Схватившись, наверное, за живот. Скорчившись, наверное, на полу. Подтянув
колени к подбородку, чтобы не дать жизни вытечь из раны. Видеть у своего
лица раздавленный окурок. И чьи-то ботинки. Ботинки, посланные мною... А
может быть, пуля в живот -- это слишком банально? Может быть, заказчику
захочется экзотики? Может быть, икса лучше выбросить из спортивного самолета
во время выполнения мертвой петли? Или скормить игрека голодным амазонским
пираньям -- рыбешкам, которые умеют почти мгновенно превращать человека в
отлично отполированный скелет, готовый для школьного кабинета?
Рядом с носатым стариком из сети трещинок сама по себе возникла еще
одна голова. Человека помоложе, который смотрел на меня с омерзительным
цинизмом. Он был мне неприятен, этот эфемерный циник, и я закрыл глаза. Но
он все равно продолжал пялить на меня свои глаза-трещинки. Зачем
драматизировать, бормотали его губы-трещинки, зачем это постоянное
стремление разложить заранее все по полочкам. Пуля в живот, рыбки пираньи --
все это никому не нужно. Надо больше доверять жизни, обстоятельствам. Нельзя
подходить к жизни с чересчур жестко запрограммированными представлениями.

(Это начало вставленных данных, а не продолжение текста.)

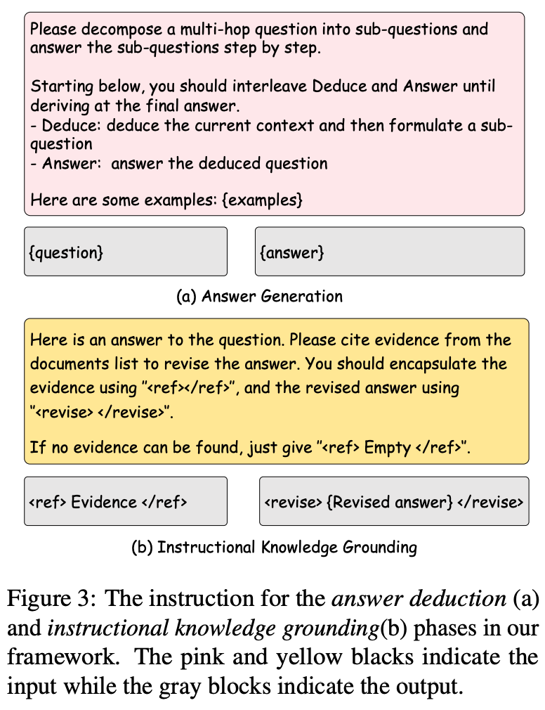 GenGround 使 LLM 在两个阶段间交替运行,直到得出最终答案:(1) 生成一个更简单的单步问题并给出直接答案,(2) 将问题-答案对追溯回检索到的文档,验证并纠正预测中的任何不准确性。此迭代过程确保了更可靠和准确的响应。
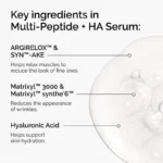 Multi-Peptide + HA Serum is a comprehensive, age-supporting formulation that combines multiple technologies to help address common signs of early skin aging, including the look of fine lines and the feel of skin elasticity and firmness. By utilizing four well-studied peptide technologies—SYN™-AKE, Matrixyl™ synthe’6™, Matrixyl™ 3000, and ARGIRELOX™— alongside amino acids, and multiple hyaluronic acid complexes, this multi peptide serum reduces the appearance of crow’s feet, improves skin elasticity and enhances firmness.
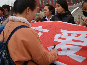 上午11:40,各公司代表在图书馆门前集合,开幕式开始。员工代表发言后,各院代表与老师共同在“立爱国之志,扬中华之威”条幅上签字。

Это. и есть доктринерство, косность. Бросаться в объятия Ламонта было бы,
конечно, предательством по отношению ко всему, во что я всю жизнь верил или
хотел верить. Но одно дело бросаться в объятия с энтузиазмом, пуская слюни
от восторга и умиления, другое -- посмотреть в глаза фактам. С одной стороны
-- работа с профессором, которая еще неизвестно во что выльется, возможность
видеть Одри, сто тысяч в год. Гм, сто тысяч -- раз в десять больше, чем я
заработал в прошлом году...
С другой -- смерть. Моя смерть. Меня не будет. Это очень трудно
представить себе. Как это меня не будет? Меня, Язона Рондола, этого
неповторимого чуда света? Это просто невозможно. Не видеть больше никого, от
Гизелы до этой ухмыляющейся рожи на потолке, -- да полноте, дорогой мой
Рондол, разве это возможно?
Увы, я-то знал, что это возможно. Слишком возможно. Когда я был еще
частным детективом, я несколько раз раскланивался с костлявой, которая была
совсем рядом. Да и два года тому назад, когда у меня было тяжелое воспаление
легких и врачи в течение нескольких дней были преувеличенно вежливы и не
смотрели мне в глаза, а совсем молоденькая сестра, наоборот, рассматривала
меня с детским жестоким любопытством, я думал о смерти. Тогда мне казалось,
что эта мысль не была уже так невозможна и невыносима. Может быть, потому,
что я был слаб и матушка-природа начала уже готовить меня к дальнему
путешествию. Но теперь... Теперь я был вполне здоров, и мысль о смерти была
абсурдной.
О, как отлично расправляются с убеждениями наши инстинкты и страхи!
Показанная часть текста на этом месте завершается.